The Segway was an achievement. It was nimble and simple, balanced on two wheels, and moved with barest of intents. The Segway delivered on its lofty technical goals. It was magical.

But the Segway was doomed. After summiting its technical challenges the Segway hit a brick wall of cultural challenges. It was too fast for sidewalks and too slow for roads, a liminal mode of transportation that mowed down pedestrians and held up cars. To ride a Segway is to be antisocial, to implicitly admit to not being of the culture one glides through1.

Google Glass faces the same roadblock as the Segway. Both products focus too heavily on their users while ignoring the societies users exist within. Both products are (and will be) significant technical achievements brought down by the cultural challenges encountered.

For the purposes of this discussion, let’s assume Glass works perfectly. Information is delivered smoothly, image capture is instinctual, notifications are subtle yet effective and the display is balanced and clear.

“We created glass so you can interact with the virtual world without obstructing the real world,” explained Isabelle Olsson, who is leading the design efforts for Google glasses. “We don’t want technology to get in the way.2

The imporant question to ask is for whom the technology doesn’t get in the way. We should note the Segway was intuitive and welcoming to it’s users only, a fluid means of removing the distance between A and B, but cars and pedestrians were apparently never considered. Glass is similar in that it’s product design is focused on purely the user, never on those around it.

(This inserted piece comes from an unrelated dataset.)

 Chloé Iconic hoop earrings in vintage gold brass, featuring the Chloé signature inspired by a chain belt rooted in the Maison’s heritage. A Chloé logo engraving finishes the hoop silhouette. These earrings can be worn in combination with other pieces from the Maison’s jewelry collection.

Glass’ screen is visible only to it’s user and it’s camera looks out documenting everything except the user, storing content to be shared at the user’s discretion. I believe that these always on, core functions of Glass will prevent it from being welcomed in social settings. Those around the Glass users must implicitely trust the Glass wearer, for they have no idea where the Glass user’s current attention lies and cannot visually confirm whether or not they are currently being captured by Glass.

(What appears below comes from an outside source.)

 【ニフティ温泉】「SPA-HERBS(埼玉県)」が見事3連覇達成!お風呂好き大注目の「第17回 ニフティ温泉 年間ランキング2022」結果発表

Google is working so hard to keep technology out of the way that they’re forgetting why it’s important to see technology when it’s present.

If someone holds a cellphone sideways to frame a shot, we can assume we’re being photographed. If a conversational partner starts fidgeting with their phone, we can read into that as well. With Glass all these options are constantly on the table because their functioning is imperceivable to anyone but the user, creating a feeling of unease among all present.

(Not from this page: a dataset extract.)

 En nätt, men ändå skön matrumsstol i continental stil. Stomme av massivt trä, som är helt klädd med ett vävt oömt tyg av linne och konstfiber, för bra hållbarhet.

In an article on Mashable yesterday, Chris Taylor makes the case that all personal technology starts with a wave of handwringing like my own. Eventually, he says, the tech becomes the norm and we forget to protest. Headphones, cellphone cameras, and even PCs started this way.

While this acceptance cycle does exist, the always-on but never-apparent nature of Glass is unlike any the cases Taylor cites. Headphones can be taken out and cellphone cameras pocketed or checked at the door. This awkward dance can go on for a year or two without sacrificing the benefit to the user, affording the new tech and culture time to understand each other. But Glass is all or nothing. I’m certain they’ll be occasionally placed on table tops or cases for the first couple years, but because they’re active at most times (and this is largely the selling point) these explicitly ‘off’ periods will be the exception, not the rule.

Glass is doomed because of social imbalance, an ignorance of culture. Glass empowers it’s users technologically for social situations that don’t exist yet, just as the Segway deployed to a world filled with ill-suited sidewalks and roads. I believe non-users will begin to shun Glass just as the masses shunned the Segway. We will see restaurants, gyms, and bars banning the device to keep their patrons at ease. Offices will fear a world where all conversations are on the record, especially large corporations, doctor’s offices and legal firms. Social settings will not emerge for Glass and its usage will be confined to places where it was never an issue to take out your cellphone in the first place.


  1. It’s no coincidence that the last vestige of Segway use is confined to tourists and security guards, two groups explicitely outside of their current social setting. They’re observers and referees, respectively, not participants. 

  2. Nick Bilton, in the New York Times, emphasis mine.